Introduction to Formal Methods - Part 1

6 minute read

Introduction to Formal Methods (Part 1): Why Spec First?

Formal methods, sounds very… formal! But I have been trying to explore what they are and so I decided to write down my learnings. Hopefully this proves a good starting point for someone else who is curious about the idea but doesn’t have a good starting point.

This post is part 1 of 2. In part 1, I will try to give a more conceptual understanding, while also introducing tooling using Quint. In part 2, I will try to show how it can be wired up so that we make sure software implementations actually benefit from formal methods.

The Problem with English (and AI)

First a warning, and then if you stick around, we can go deeper. My dive into formal methods was motivated by posts like this. I have been increasingly using AI Agents and I believe something is required to make the use of AI more productive. And if the word AI is triggering, then this would be a good time to stop reading. If you are still here, let’s talk about AI a little bit, and the programming language for AI - English.

We prompt agents in English. We write requirements documents in English.

  • “The user is authenticated after a successful handshake.”
  • “The program is crashing. Fix it.”

But English is inherently ambiguous. What “program”? What exactly constitutes a “successful handshake”? Are we talking about a human handshake?

When we jump straight to code based on English prompts, the implementation becomes the specification. If the Agent guesses wrong, that guess can lead to some very complicated code. And cue the inevitable conversation,

{
  "user": "This isn't what I meant",
  "agent": "You are absolutely right. You are amazing.

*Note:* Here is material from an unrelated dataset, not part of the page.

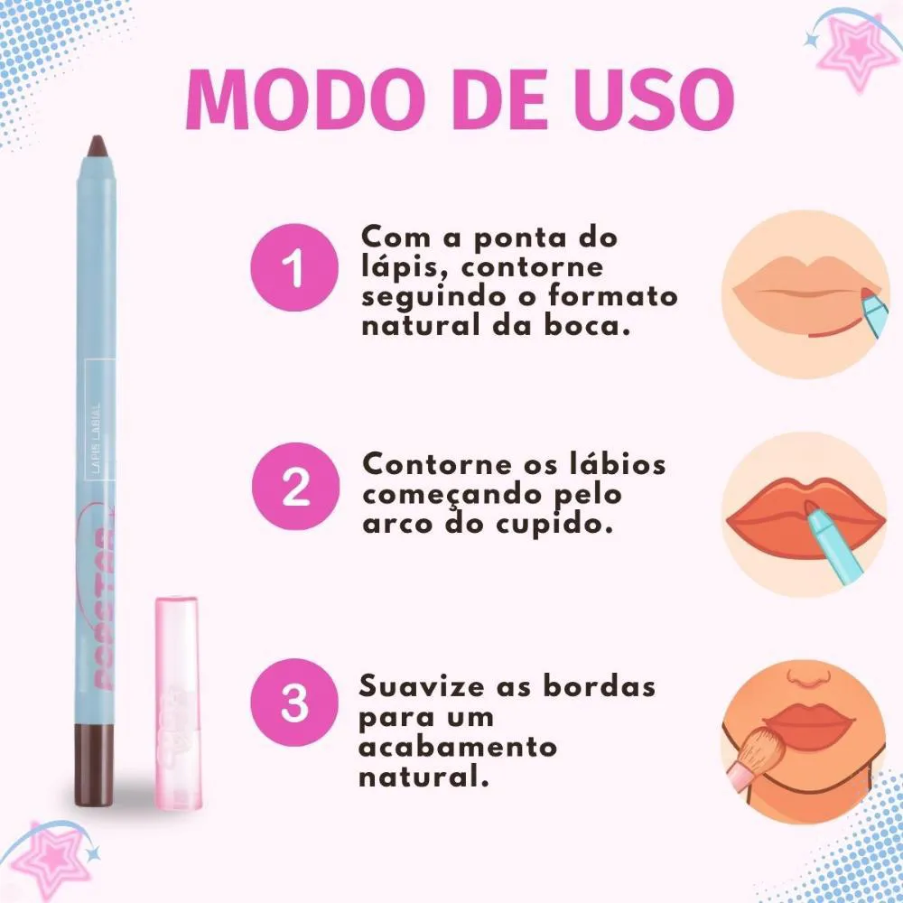 - Para o dia a dia, realçando a beleza natural com um toque de cor e definição, perfeito para um look casual e moderno. - Em eventos sociais, garantindo lábios impecáveis e um visual sofisticado, ideal para festas, jantares e ocasiões especiais. - Para criar looks personalizados, combinando com diferentes tons de batom e estilos de maquiagem, permitindo que você explore sua criatividade e individualidade. - Em fotos e vídeos, proporcionando lábios definidos e fotogênicos, garantindo que você arrase nas redes sociais e em momentos especiais. - Como presente, um item indispensável na nécessaire de qualquer amante de maquiagem, perfeito para surpreender e encantar.Modo de Uso/Aplicação
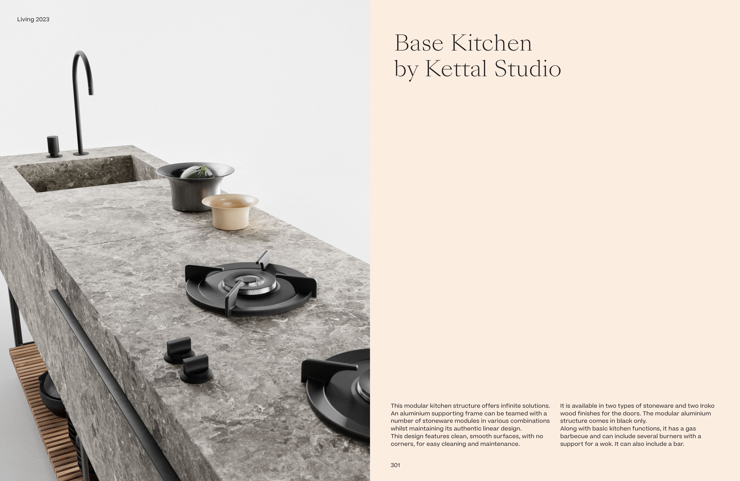 It is available in two types of stoneware and two Iroko

I will fix it....."
  ... 
  ...
  "agent": "Here's the updated code."
  "user": "That's still wrong".
}

If that feels familiar, hopefully the following points to a way forward.

  1. More and more software will be written by AI.
  2. That leaves me, the human, needing to somehow verify that the software is correct, but I don’t have the ability to read thousands of lines of code constantly.
  3. But what if we had the ability to define the system with a much smaller volume of text that I can read and verify and have the confidence that if the software meets this spec, it is correct.

The Scary Part: TLA+

This isn’t a new problem. Decades ago, Leslie Lamport (the creator of LaTeX and distributed systems legend) gave us TLA+ (Temporal Logic of Actions). It is the gold standard for formal verification. It is used by AWS (DynamoDB, S3) and Azure. It works.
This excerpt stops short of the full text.